Гудели моторы. Над головой дрожала выгнутая полоска антенны. Из воды выскочил дельфин, кувыркнулся в воздухе.

Лаптев показал на белевшую вдали Феодосию и что-то прокричал. Что? Разве в оглушительном вое моторов разберешь что-нибудь? «Новый год!» — послышалось мне. Я понял, что он хотел мне сказать — он участвовал в новогоднем десанте. Фашисты никак не могли предположить, что наши высадятся во время январского шторма.
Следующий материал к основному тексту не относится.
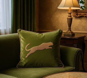 Each cushion is graced with a striking leaping leopard motif, an emblem of grace, power, and elegance expertly embroidered to catch the light and draw the eye.The velvet fabric offers an opulent texture and a smooth, lustrous finish, while the intricate zari work adds a golden glow that feels both traditional and contemporary. Sized at 16 x 16 inches, these cushions strike the perfect balance between style and comfort, making them versatile accents for sofas, armchairs, or beds.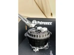 Een trivet is een metalen rooster of onderzetter die onder de Dutch oven wordt geplaatst om hem van direct contact met de hittebron, zoals kolen of open vuur, te isoleren. Ook kun jij met een trivet tijdens het koken de hete deksel of pan veilig en schoon wegleggen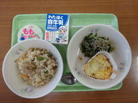 「鶏肉とごぼうのピラフ、かぼちゃのグラタン、パリパリサラダ、ももゼリー」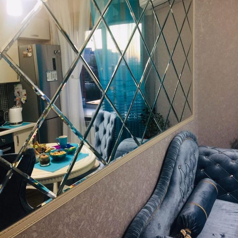 Для украшения использовалась зеркальная плитка формы вытянутый ромб серебряного цвета.

Остался позади Керченский пролив; в войну здесь не оставалось непристрелянного местечка и все было заминировано. И все же моряки переправлялись в Эльтиген, в Керчь на плотах, сейнерах, мотоботах и не давали гитлеровцам в Крыму ни минуты покоя…

* * *

Вошли в Цемесскую бухту. Здесь на горе во время войны стояла батарея Матушенко. Артиллеристов в шутку прозвали «регулировщиками уличного движения». Ни один фашистский корабль не мог войти в занятый врагом порт — батарейцы не пропускали.

Катер замедлил ход. «Адмирал Нахимов» стоял на якоре, великан среди букашек — катеров и буксиров.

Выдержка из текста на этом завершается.